← Back

External SFTP → ADF → ADLS → Synapse

Pull vendor files from SFTP with ADF, land to ADLS, and load/merge into Synapse – validated, archived, and scheduled.

sftp-adf-adls-synapse

Overview

ADF connects to the vendor’s SFTP using a linked service (key-based auth), lists new CSV/JSON files, and copies them into ADLS raw with a strict folder scheme (e.g., `vendorA/ingest/dt=YYYY-MM-DD/`). A validation step (mapping/Data Flow) enforces schema and row counts; failures go to a reject path. Valid files load into Synapse—either via external tables or COPY INTO—into staging, followed by a MERGE into modeled fact/dim tables. Files are archived for audit, and ADF retries/alerts handle transient issues.

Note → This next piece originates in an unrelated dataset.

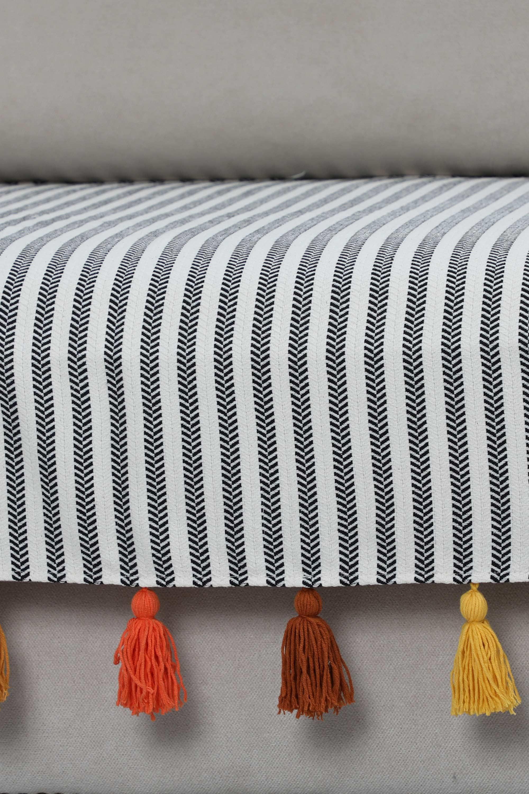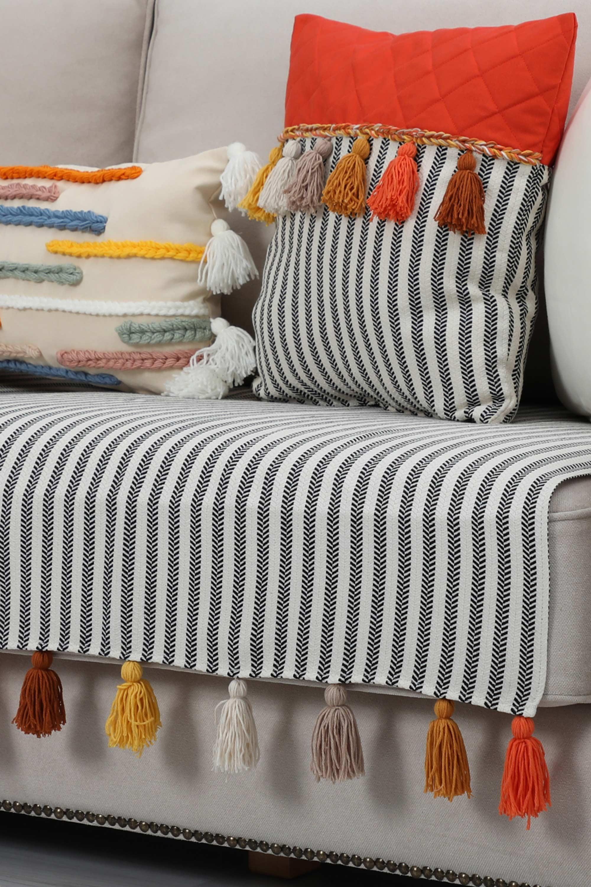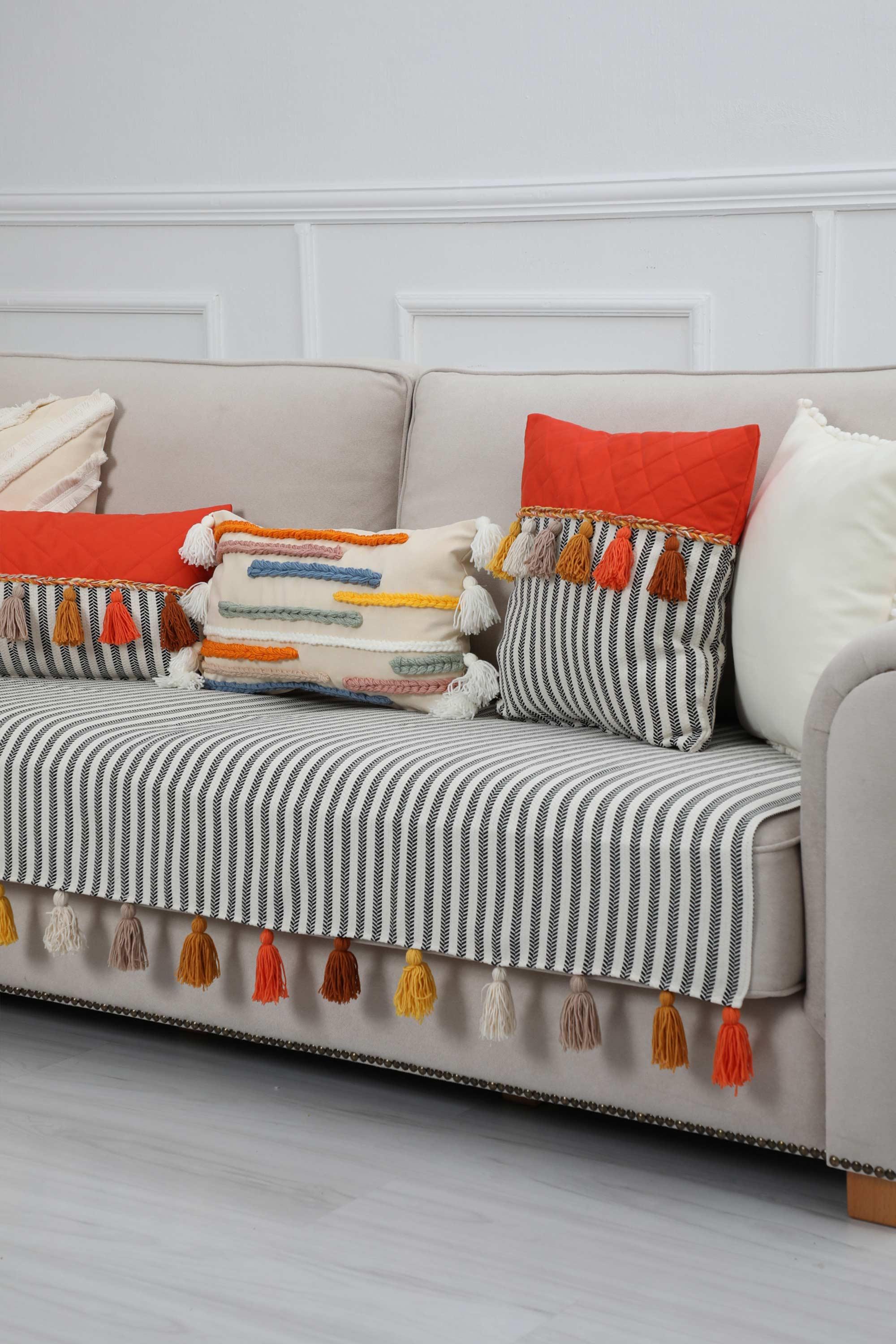 Renkli Püsküllü Koltuk Örtüsü 90 x 210,KO-20 Çizgili Desen-Turuncu

A trigger runs the pipeline on cadence.

Outcome

  • Secure SFTP ingestion into ADLS with ADF linked services.
  • Trustworthy loads via schema/metadata checks and retries/alerts.
  • Analytics-ready Synapse tables with incremental merges.

What you’ll build

  • ADF pipeline with SFTP Linked Service + datasets; key-based auth.
  • Copy activity: SFTP → ADLS (raw) with date/vendor foldering and optional gzip.
  • Validation step: filename pattern, row counts, schema (mapping or Data Flow).
  • Synapse load: external table/COPY INTO to staging; MERGE to facts/dims.
  • Archival in ADLS (`/archive/`) and reject path for bad files.
  • Retries + alerts (Activity retry, pipeline failure email/Webhook).
  • (Optional) ADF triggers for schedule; dependency chain raw → stage → model.